On a surface all of these products appear to do the same thing – deliver message from point A to point B in a secure and reliable manner, there are also non-reliable delivery options, as well as publish-subscribe models. However there are significant differences between these products in reliability, security, performance, admin capabilities and cost. Before you start implementing your enterprise project you need to understand the technical and cost limitations of the software you are going to use. I have described some of the common pitfalls of such decision process in my blog post: “How to NOT buy enterprise software”.
Back in November 2013 I set out to do a performance comparison between WebSphere MQ and Apache ActiveMQ. This was a fun project and I am still not completely done with tuning. In this first article I will describe overall approach to my performance project, as well as install and setup and load generation instructions in case you ever wanted to run your own tests. Yes, I will share complete instructions in Open Source style, including full shell scripts for install and load generation. After you read this, it should be “a breeze” to run your own benchmark (just kidding, performance testing is never easy as there are too many variables to control).

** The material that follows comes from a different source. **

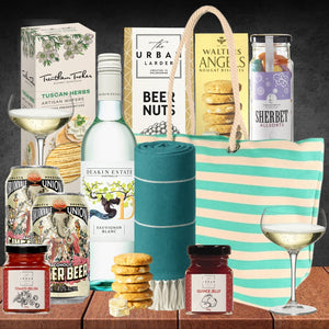 Sun, Surf & Sauvignon Looking for the perfect gift for beach-loving foodies? This Aussie Picnic Hamper has everything they need for a feast under the sun! Packed in a stylish striped...
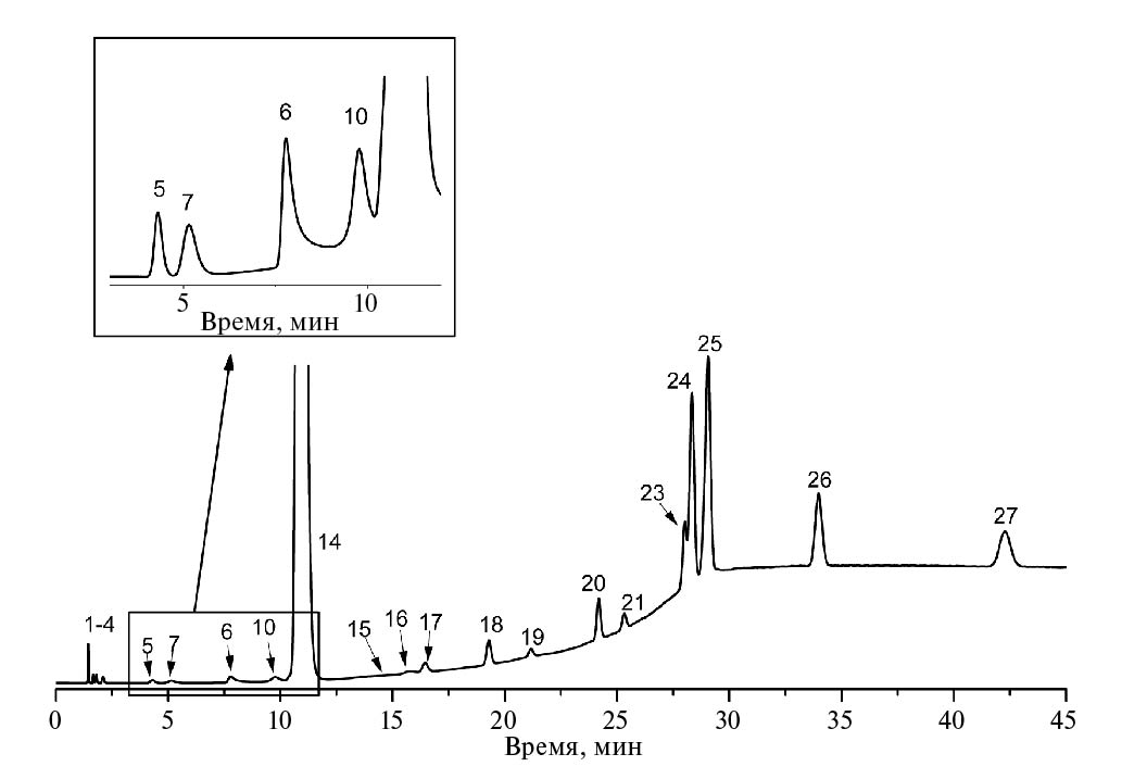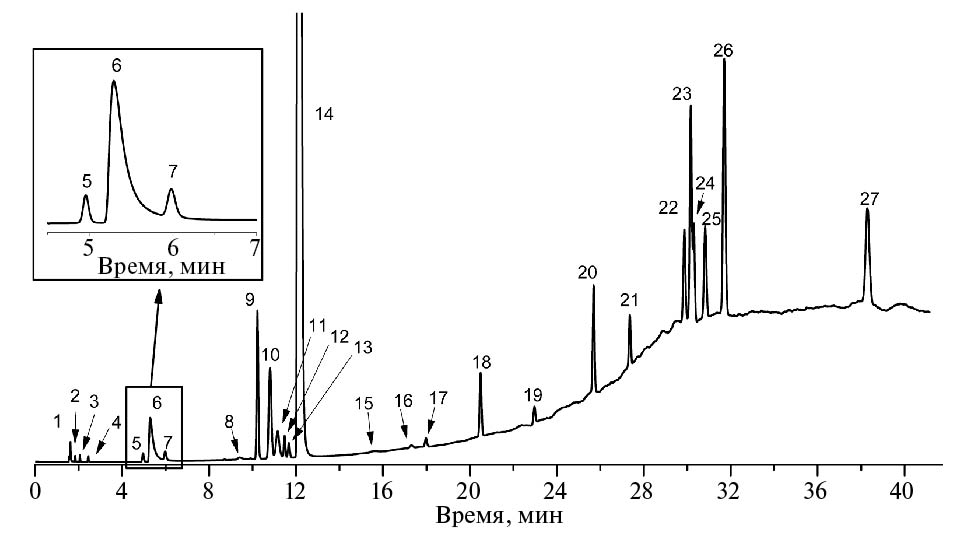 1 — метан; 2 — ацетилен; 3 — этилен; 4 — этан; 5 — пропилен; 6 – метанол; 7 — пропан; 10 — 1-бутен; 14 — н–бутан; 15 — неопентан; 16 — изо-пентан; 17 — н-пентан; 18 — бензол; 19 — н-гексан; 20 — толуол; 21 — н-гептан; 23 — м-ксилол; 24 — п-ксилол; 25 — о-ксилол; 26 — н-октан; 27 – н-нонан [43].

Performance benchmarking could be complex and time consuming. For one thing, there are many different choices for possible configurations of hardware, software, load drivers, test applications, etc. No matter the choice, I am sure there will be folks criticizing my selections. Diagram below shows configuration of the test environment used for the benchmark.
- Host server used for the benchmark is IBM x3950 M2 server model 7233-AC1 (circa 2009), 24 cores Intel Zeon X7440 2.66 GHz, 256 GB RAM. Host machine had four 300GB SSD drives.
- Client load driver and messaging servers’ software ran in OS guests powered by Red Hat Enterprise Linux 6.5, 64 bit, kernel 2.6.32-431.el6.x86_64 under the control of VMware ESXi Hypervisor 5.0.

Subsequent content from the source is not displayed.